At any rate, I was feeling antisocial that evening and decided to go find some dinner for myself at the quietest restuarant I could locate... found an indian joint that looked well abandoned and decided it was the ticket.. but after sitting down, ordering my
meal and reading my book while consuming an Angkor beer (which is shite, in fact I dont like any of the beers in south east Asia.. god I miss dark beer!) a mad kenyan woman sat at my table and just started talking to me... other then her name being Anna I
really didn't understand much of what she was saying.. apparently she was married, but was seeing a friend of a friend who she'd told everything yet never met and that africans open there hearts to other africans yet white people are always suspicious (at this
point I mumbled "and with good reason you mad wench" but she continued merrily on with her monologue) and eventually moved onto talking about someone named Lee Vuthy who she thought worked for the Cambodian daily. It was all complete nonsense and
once my meal was finished I escaped.
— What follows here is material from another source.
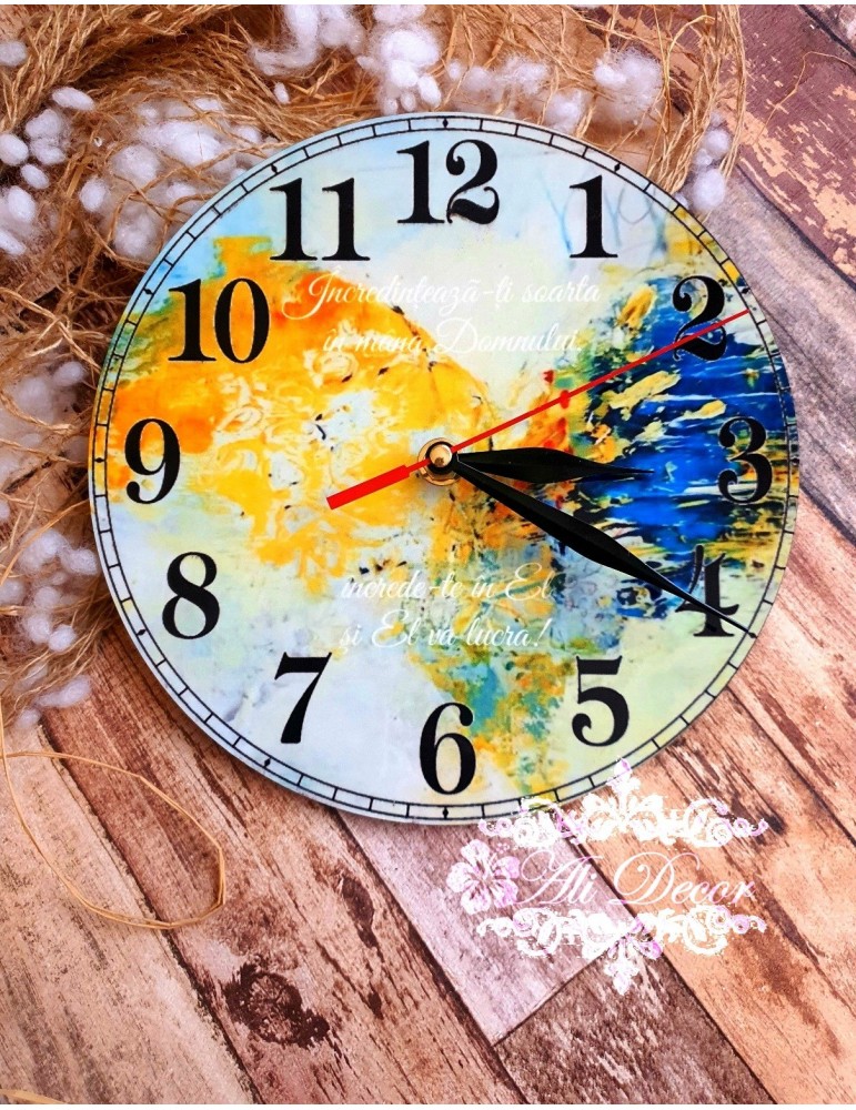Un ceas de perete este unul dintre cele mai privite obiecte pe care cineva le observa atat in casa cat si la birou. Poate fi unul dintre cele mai utile si unice cadouri, de aceea noi iti oferim si posibilitatea de a-ti personaliza ceasul cu orice imagine si text dorit. Ceasul este din MDF si personalizat prin tehnologie de imprimare: sublimare.
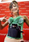 Solar-powered Model Yuko Ishida displays a "solar-power generator bra" presented by lingerie maker Triumph International Japan Ltd. during a press unveiling in Tokyo on May 14. The eco-green bras, made with organic cotton that have met the international safety standards, generates electric power by a detachable solar panel so that the wearer can illuminate a compact electric indicator and use i-pods, cell phones and other electric gadgets on the beach without worrying batteries may run out.

Incidentally the Cambodian daily seems to be the only English language paper here... and it has a great couple of pages called the 'police blotter' which lists all the major crimes for the last few days... talk about depressing, but I digress.
Off to Siem Reap
The next day I checked out and grabbed the bus up to Siem Reap... this was a thrilling trip, especially the stop in a town I think was called Stung sen, where there were so many street kids begging for food ... it really does your head in when your eating a packet of chips and kids are pulling at your shirt to have some, I cant even equate this to the greed exuded by most of the older street kids here (who only ever want cash) - it really does suck, and the local Cambodian adults are largely desensitized to it - in fact I guess they would have to be - but it does my head in.
At any rate, I met a girl named "sky" from the states who suggested a guesthouse to stay at (the garden village) - which is reasonably central and stocked with loads of boys, like every other guesthouse, who just wander around like they're A.D.D - fiddling and fidgeting, because other then the little bit of driving work they do, they have absoloutely zero stimulus. Personally though I find most of the boys to be generally dishonest, full of shit (sob stories that don't line up with everyone elses sob stories) and greedy (average income is $20 US a month here, yet I would estimate that most of these boys earn that in a week or so) ... some people discribe tourism in Cambodia as a gold rush, and I think that's quite accurate - things will no doubt change over time, but at the moment it definitely seems a bit cheeky and ruthless.
So I grabbed one of the boys, "we", as a driver for Angkor wat and headed out to catch sun down from the hill... which was good, met a couple up there I'd hung out with in Savanaket in Laos, so that was amusing.. exchanged stories etc. That night I had dinner at the Dead fish tower, which did a really nice thai meal (the restaurant has free live music and crocodiles.. *shrug*).. very tastey - and then headed to bed because I had to get up early (5am!) to catch the sun rise at Angkor wat.
Throwing up on Angkor temples
So I got up that morning (the 14th) and was feeling a bit dodgy... nothing out of the ordinary... and then headed out to Angkor Wat, got some nice pictures... felt a bit more dodgy... had some breakfast... complete loss of appetite... felt even more dodgy... had some water... and then had waves of Nausea and eventually threw up in the middle of the Bayon temples... thankfully nobody saw me do it, as it really does seem a little
disrespectful.. not to mention gross... And after that it was all down hill, I started overheating, couldn't keep water down and so around mid day I decided it was a bust and got my driver to head back to the guest house...
On the way back I stopped off at the chemist and got some electrolytes to help with dehydration, and some antibitoics (Ciprofloxacin, well Neocip-500 which appears to be the same thing) which seems to be doing the trick as I feel a lot better today... hopefully tomorrow everything will be back on form and I can continue my exploration of the Angkor wat temples.. on the down side, it means buying another $20 US ticket :(
Right, time for some lunch - hopefully I can keep it down!